Record excerpts below:

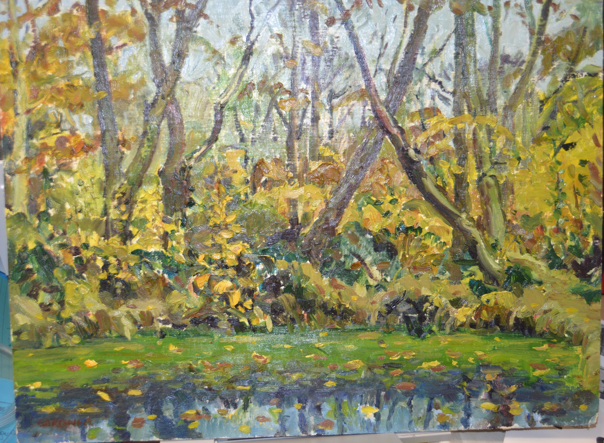 Unframed Oil Painting by the Late Keith Gardner RCA (1930-2025) 16"x12" Edge of Pond Arrowe Park Wirral
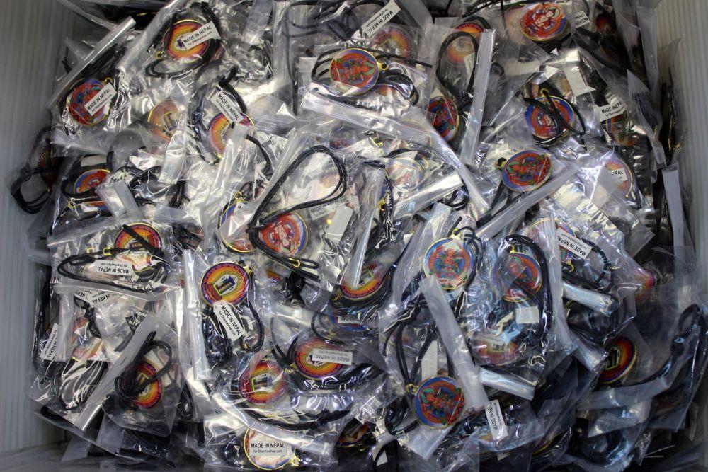 We received these cool brass enamal amulets from Nepal, but the cord attached is too short to wear.
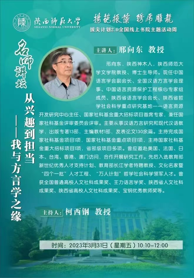 名师讲坛:从兴趣到担当——我与方言学之缘
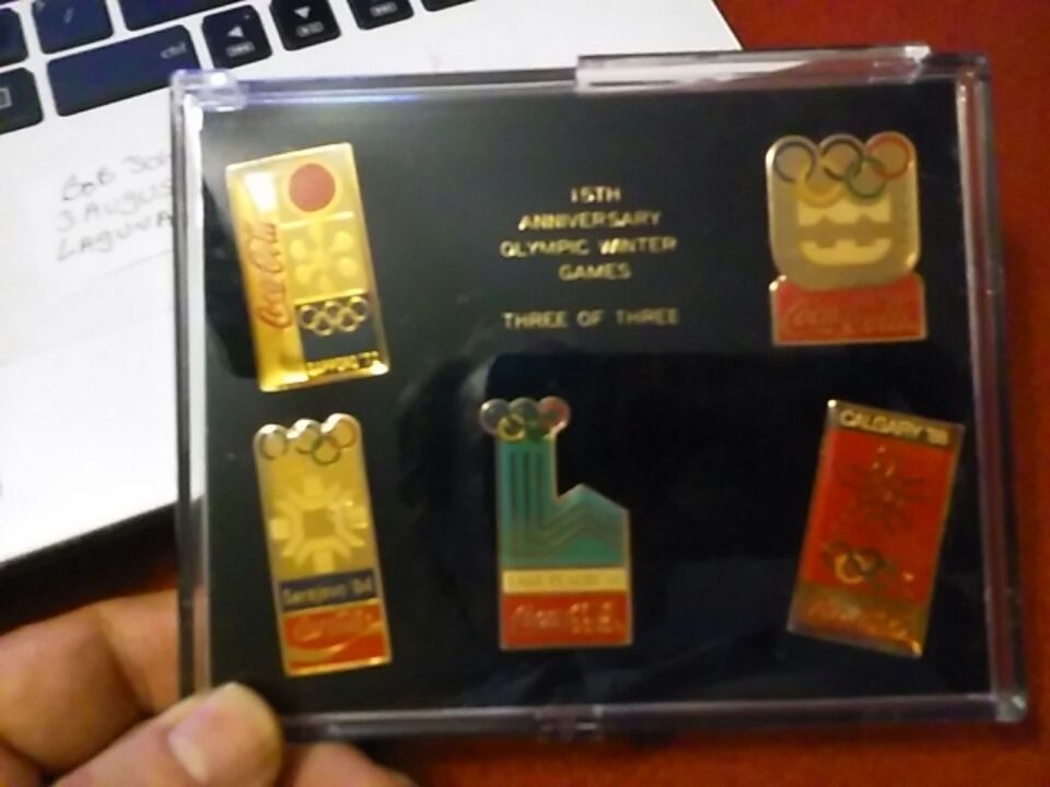 Title (ebay affiliate link): 1983 15th Anniversary Winter Olympic Coca-Cola Pin Set 1972,1976,1980,1984,1988
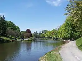 Washington Park Lake is a body of water in Albany, New York located in the southwestern corner of Washington Park. It has a surface area of 5.2 acres (21,000 m2) and a mean depth of 6.6 feet (2.0 m). The deepest sections of the lake are just over 11 feet (3.4 m) deep.[1] The lake is roughly 1,600 feet (490 m) long and 140 feet (43 m) wide. [2][3] Next to the lake is the Washington Park Lakehouse and an amphitheater where the Park Playhouse performs musicals in the summer. A wrought-iron pedestrian bridge spans the lake at its narrowest point. The footbridge over Washington Park Lake is the only remaining original structure in Washington Park. Erected over the lake in 1875 the lamps on the bridge were originally gas burning but were electrified in 1881.[4] Ice skating is permitted on Washington Park Lake, though swimming is prohibited.[5]

End of Record excerpts.

## Goal of the exercise
Set down all records verbatim, omitting images.

## Answer area
 Unframed Oil Painting by the Late Keith Gardner RCA (1930-2025) 16"x12" Edge of Pond Arrowe Park Wirral
 We received these cool brass enamal amulets from Nepal, but the cord attached is too short to wear.
 名师讲坛:从兴趣到担当——我与方言学之缘
 Title (ebay affiliate link): 1983 15th Anniversary Winter Olympic Coca-Cola Pin Set 1972,1976,1980,1984,1988
 Washington Park Lake is a body of water in Albany, New York located in the southwestern corner of Washington Park. It has a surface area of 5.2 acres (21,000 m2) and a mean depth of 6.6 feet (2.0 m). The deepest sections of the lake are just over 11 feet (3.4 m) deep.[1] The lake is roughly 1,600 feet (490 m) long and 140 feet (43 m) wide. [2][3] Next to the lake is the Washington Park Lakehouse and an amphitheater where the Park Playhouse performs musicals in the summer. A wrought-iron pedestrian bridge spans the lake at its narrowest point. The footbridge over Washington Park Lake is the only remaining original structure in Washington Park. Erected over the lake in 1875 the lamps on the bridge were originally gas burning but were electrified in 1881.[4] Ice skating is permitted on Washington Park Lake, though swimming is prohibited.[5]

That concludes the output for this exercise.